To ensure reliable data, all instruments are calibrated pre-and-post deployment on a fixed schedule. All data goes through a rigorous quality assurance/quality control process. All data can be accessed from the Central Data Management Office, along with copies of our protocols.
Please contact our Research Staff if you have questions.
Since 2004, water quality has been continuously measured at four sites on Sapelo Island. Using YSI Data Sondes and sensors, we measure temperature, salinity, conductivity, pH, dissolved oxygen, turbidity, and depth. The site at Marsh Landing (Lower Duplin) is near real-time data, accessible at the CDMO or from the National Bouy Data Center.
Since 2002, meteorological data has been continuously measured at one site next to the Marsh Landing parking lot on Sapelo Island. Using Campbell Scientific dataloggers and sensors, we measure temperature, relative humidity, barometric pressure, wind speed (maximum gusts and sustained), wind direction, precipitation, and photosynthetic active radiation (PAR). This site at Marsh Landing is near real-time data (updating once an hour), accessible at the CDMO or from the National Bouy Data Center. This data is used by the National Weather Service (NWS) to help develop better understanding of storm systems.
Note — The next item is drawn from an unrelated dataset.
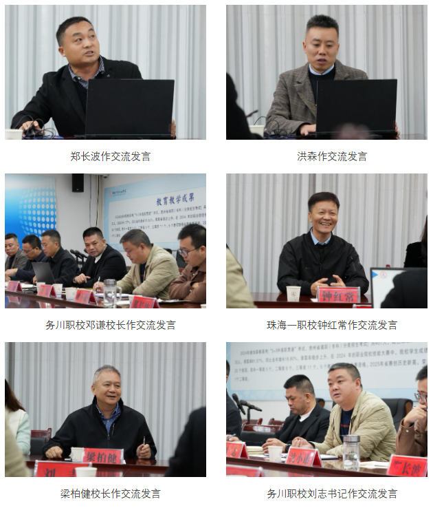 随后,双方在党员活动室召开座谈交流会。我校支教教师郑长波、洪森先后分享驻校教学经验,从课程设计、实训指导等维度为务川职校教师提供实操建议;邓谦校长详细汇报“组团式”帮扶成效,介绍学校在教学质量提升、师资培训等方面的进展。钟红常书记表示将从名班主任工作室、信息化管理、专业建设方面共享资源,助力务川职校发展。梁柏健校长在发言中肯定务川职校的发展成果,并明确新三年结对帮扶将围绕“四个优先”推进,秉持“着眼未来,做好规划,由小到大,由大到强,由强到精”的发展思路,通过做好存量、谋划增量、拓展资源、打造品牌,持续深化资源共享与合作。刘志书记代表务川职校致谢,表示将珍惜合作机会,推动教育教学质量再上新台阶。
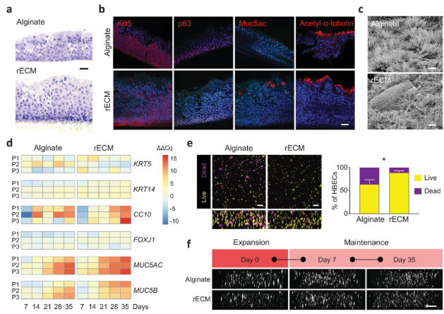 Wagner(音譯:瓦格納)和她的團(tuán)隊首先將海藻的藻酸鹽與肺組織的細(xì)胞外基質(zhì)結(jié)合起來,形成了生物墨水。然后將生物墨水中載有在人氣道中發(fā)現(xiàn)的干細(xì)胞,并進(jìn)行3D打印以形成模仿這些氣道的復(fù)雜且機(jī)械穩(wěn)定的組織構(gòu)造。瓦格納說:“我們從制造小管開始,從小做起,因為這是氣道和肺血管中都存在的特征。通過將我們的新型生物墨水與從患者氣道分離的干細(xì)胞一起使用,我們能夠?qū)哂卸鄬蛹?xì)胞并隨時間保持開放的小氣道進(jìn)行生物打印?!?/span>

Since 2004, SINERR has collected monthly grab water samples at each of our four water quality sites. In addition to the grab samples, a continous water collector (Teledyne ISCO) is deployed at the Lower Duplin for 24-hours to capture water nutrients over a tidal cycle. Samples are filtered at our lab on Sapelo and sent off-island to an approved lab for analysis. We measure orthophosphate, ammonium, nitrate, nitrite, dissolved inorganic nitrogen, and chlorophyll-a.